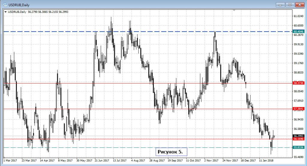 Вполне вероятно, что на в случае новой волны ослабления доллара США рубль ещё протестирует район 55.8, где и надо будет посмотреть на его относительную силу или слабость.
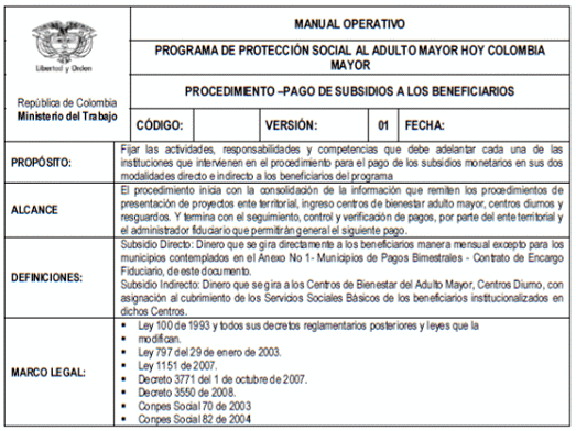 PROGRAMA DE PROTECCIÓN SOCIAL AL ADULTO MAYOR - HOY COLOMBIA MAYOR
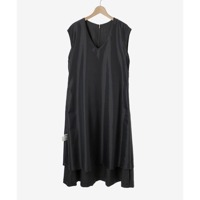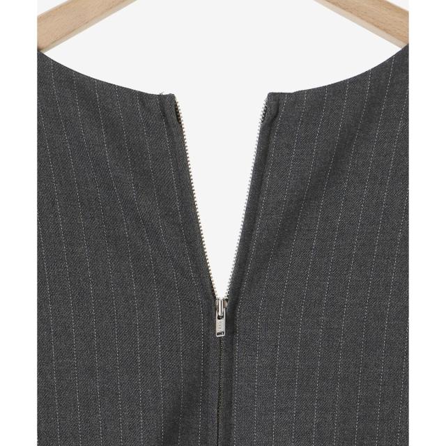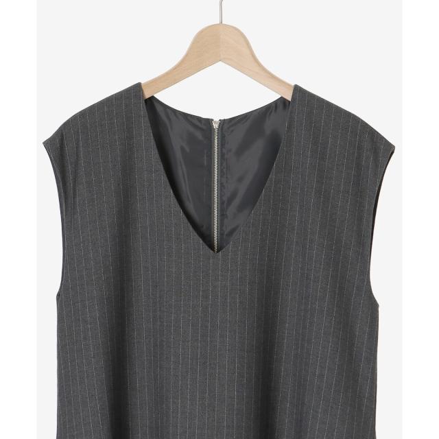 すっきりとしたVネックラインやバックのシルバーカラーのファスナーなど、

» Directions: Once the line containing "PROGRAMA DE PROTECCIÓN" has been found, write out exactly that line and each one after it through the end of the data, leaving out every picture.

» Response for this exercise:
 PROGRAMA DE PROTECCIÓN SOCIAL AL ADULTO MAYOR - HOY COLOMBIA MAYOR
 すっきりとしたVネックラインやバックのシルバーカラーのファスナーなど、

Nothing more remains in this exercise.